### EXERCISE REQUIREMENTS
For this exercise, please reproduce the records below word for word, from the first line through the line with "719499990 The Moluccan".

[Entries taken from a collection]
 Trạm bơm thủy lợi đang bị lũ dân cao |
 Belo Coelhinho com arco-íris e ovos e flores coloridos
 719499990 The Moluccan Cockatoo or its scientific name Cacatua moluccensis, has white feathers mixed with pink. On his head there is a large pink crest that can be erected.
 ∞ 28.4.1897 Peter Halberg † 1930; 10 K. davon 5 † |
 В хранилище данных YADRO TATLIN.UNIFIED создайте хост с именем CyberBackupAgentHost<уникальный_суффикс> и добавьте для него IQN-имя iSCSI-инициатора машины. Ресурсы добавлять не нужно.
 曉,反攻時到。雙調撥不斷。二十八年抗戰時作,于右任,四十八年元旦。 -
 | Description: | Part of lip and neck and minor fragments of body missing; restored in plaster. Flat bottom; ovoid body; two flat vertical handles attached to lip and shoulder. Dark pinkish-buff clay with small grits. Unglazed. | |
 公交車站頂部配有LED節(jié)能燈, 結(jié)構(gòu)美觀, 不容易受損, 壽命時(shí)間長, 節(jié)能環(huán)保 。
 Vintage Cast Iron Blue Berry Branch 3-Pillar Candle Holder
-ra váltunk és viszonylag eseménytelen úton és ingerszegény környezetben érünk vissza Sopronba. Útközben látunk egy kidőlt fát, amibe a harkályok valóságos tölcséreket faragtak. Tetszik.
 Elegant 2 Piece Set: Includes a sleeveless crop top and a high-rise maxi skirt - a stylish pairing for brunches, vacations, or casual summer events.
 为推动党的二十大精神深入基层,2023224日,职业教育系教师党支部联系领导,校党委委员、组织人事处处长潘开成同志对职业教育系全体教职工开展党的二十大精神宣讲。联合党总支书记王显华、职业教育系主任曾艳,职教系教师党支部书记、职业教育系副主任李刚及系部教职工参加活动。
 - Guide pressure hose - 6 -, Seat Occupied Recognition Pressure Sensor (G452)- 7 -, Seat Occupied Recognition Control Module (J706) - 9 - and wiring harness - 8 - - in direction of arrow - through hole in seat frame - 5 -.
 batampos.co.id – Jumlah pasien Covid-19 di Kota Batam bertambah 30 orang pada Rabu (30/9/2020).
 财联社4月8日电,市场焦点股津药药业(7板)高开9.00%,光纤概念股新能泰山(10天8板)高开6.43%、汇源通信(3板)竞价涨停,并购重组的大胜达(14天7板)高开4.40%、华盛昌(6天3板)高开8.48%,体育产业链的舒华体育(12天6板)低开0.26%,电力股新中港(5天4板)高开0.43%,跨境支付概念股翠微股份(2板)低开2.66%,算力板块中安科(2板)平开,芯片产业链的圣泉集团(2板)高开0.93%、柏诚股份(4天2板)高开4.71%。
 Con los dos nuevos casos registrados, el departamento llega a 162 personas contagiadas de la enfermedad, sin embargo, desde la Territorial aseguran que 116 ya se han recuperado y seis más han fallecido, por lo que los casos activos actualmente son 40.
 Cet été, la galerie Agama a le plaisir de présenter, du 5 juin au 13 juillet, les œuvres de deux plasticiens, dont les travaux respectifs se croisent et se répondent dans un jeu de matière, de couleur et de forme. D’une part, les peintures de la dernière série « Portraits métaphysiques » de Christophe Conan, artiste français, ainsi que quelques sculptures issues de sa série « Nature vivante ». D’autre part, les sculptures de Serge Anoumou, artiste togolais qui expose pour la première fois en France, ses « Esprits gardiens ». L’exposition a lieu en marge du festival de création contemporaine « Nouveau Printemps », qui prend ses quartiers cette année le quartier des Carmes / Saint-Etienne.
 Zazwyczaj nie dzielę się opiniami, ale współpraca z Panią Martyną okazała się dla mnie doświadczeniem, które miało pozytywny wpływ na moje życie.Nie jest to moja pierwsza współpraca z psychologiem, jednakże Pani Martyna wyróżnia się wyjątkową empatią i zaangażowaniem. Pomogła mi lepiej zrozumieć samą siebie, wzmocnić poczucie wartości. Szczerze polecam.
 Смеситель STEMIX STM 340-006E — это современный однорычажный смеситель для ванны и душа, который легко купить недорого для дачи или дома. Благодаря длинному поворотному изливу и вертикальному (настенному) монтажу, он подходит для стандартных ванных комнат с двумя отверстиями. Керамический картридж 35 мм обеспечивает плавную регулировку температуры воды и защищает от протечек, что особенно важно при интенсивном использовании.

### WRITTEN SOLUTION
 Trạm bơm thủy lợi đang bị lũ dân cao |
 Belo Coelhinho com arco-íris e ovos e flores coloridos
 719499990 The Moluccan Cockatoo or its scientific name Cacatua moluccensis, has white feathers mixed with pink. On his head there is a large pink crest that can be erected.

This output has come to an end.